EXERCISE AIM
Word for word, return the lines below from the first through the line that has "學校依托中日優秀教師團隊,在", dropping the pictures.

RECORDS TO USE
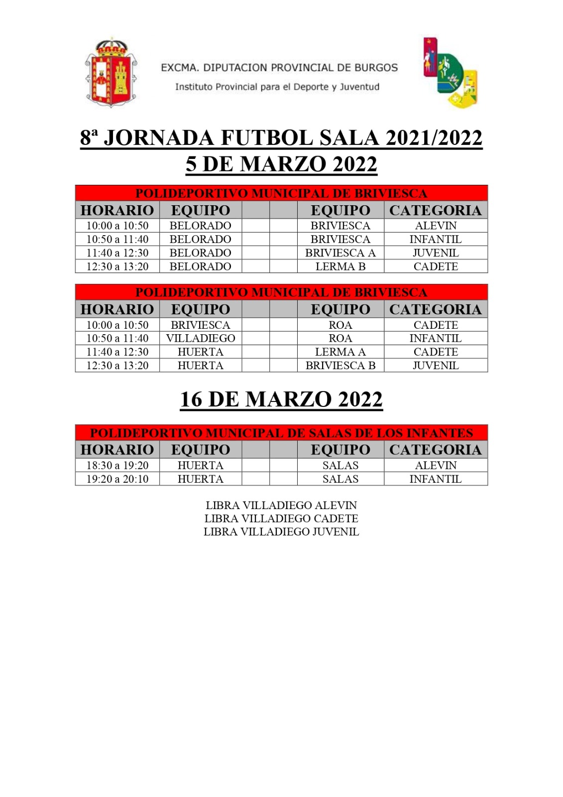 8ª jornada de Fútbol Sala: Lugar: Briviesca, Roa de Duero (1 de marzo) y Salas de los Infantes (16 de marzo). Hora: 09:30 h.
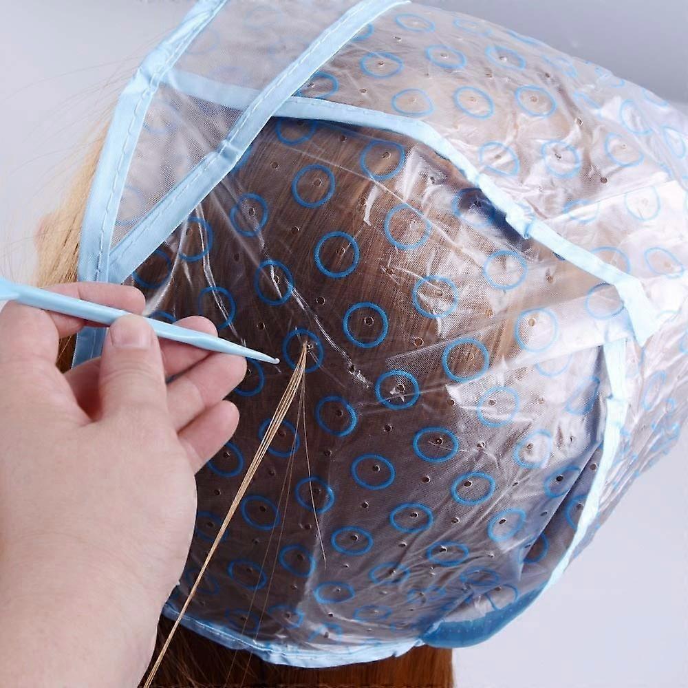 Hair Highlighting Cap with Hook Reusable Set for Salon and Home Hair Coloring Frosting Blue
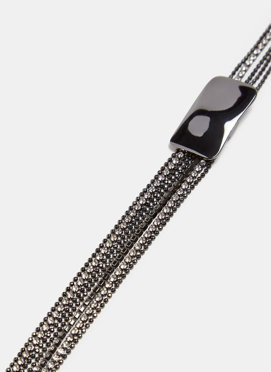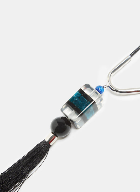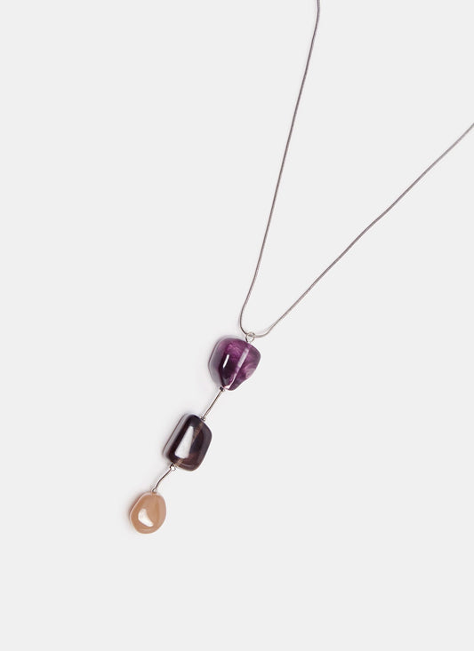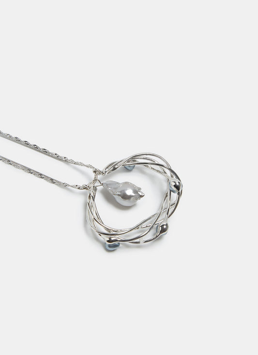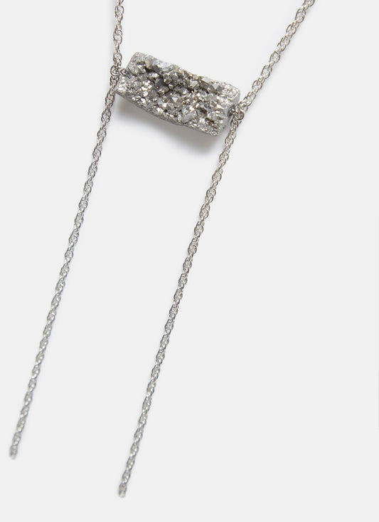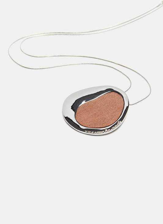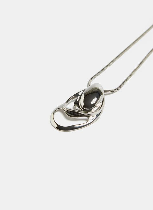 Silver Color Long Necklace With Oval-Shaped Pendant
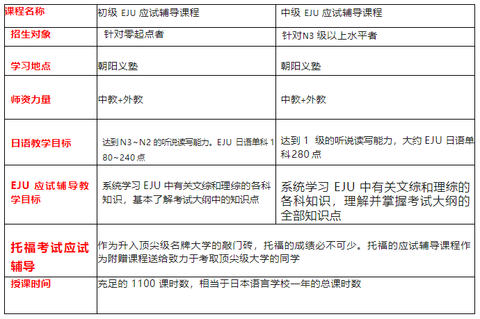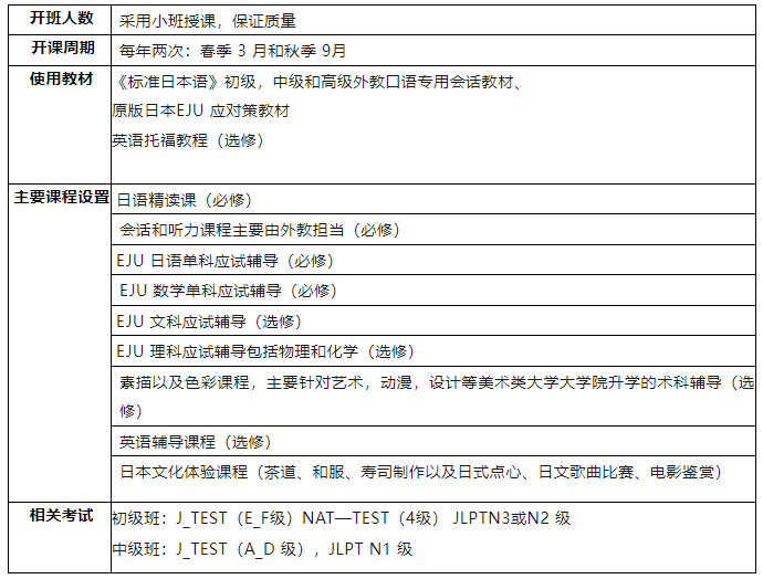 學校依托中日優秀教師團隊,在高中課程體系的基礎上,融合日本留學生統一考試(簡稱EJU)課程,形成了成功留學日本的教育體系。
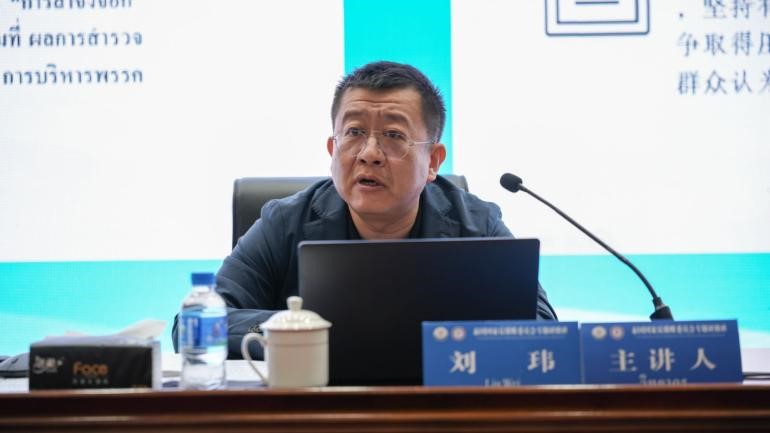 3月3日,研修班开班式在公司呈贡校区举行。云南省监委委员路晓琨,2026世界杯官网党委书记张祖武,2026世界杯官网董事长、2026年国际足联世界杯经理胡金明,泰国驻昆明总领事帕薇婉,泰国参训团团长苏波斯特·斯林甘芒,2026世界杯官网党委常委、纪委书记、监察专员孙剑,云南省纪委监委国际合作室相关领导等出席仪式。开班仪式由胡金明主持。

RESULT OF THIS EXERCISE
 8ª jornada de Fútbol Sala: Lugar: Briviesca, Roa de Duero (1 de marzo) y Salas de los Infantes (16 de marzo). Hora: 09:30 h.
 Hair Highlighting Cap with Hook Reusable Set for Salon and Home Hair Coloring Frosting Blue
 Silver Color Long Necklace With Oval-Shaped Pendant
 學校依托中日優秀教師團隊,在高中課程體系的基礎上,融合日本留學生統一考試(簡稱EJU)課程,形成了成功留學日本的教育體系。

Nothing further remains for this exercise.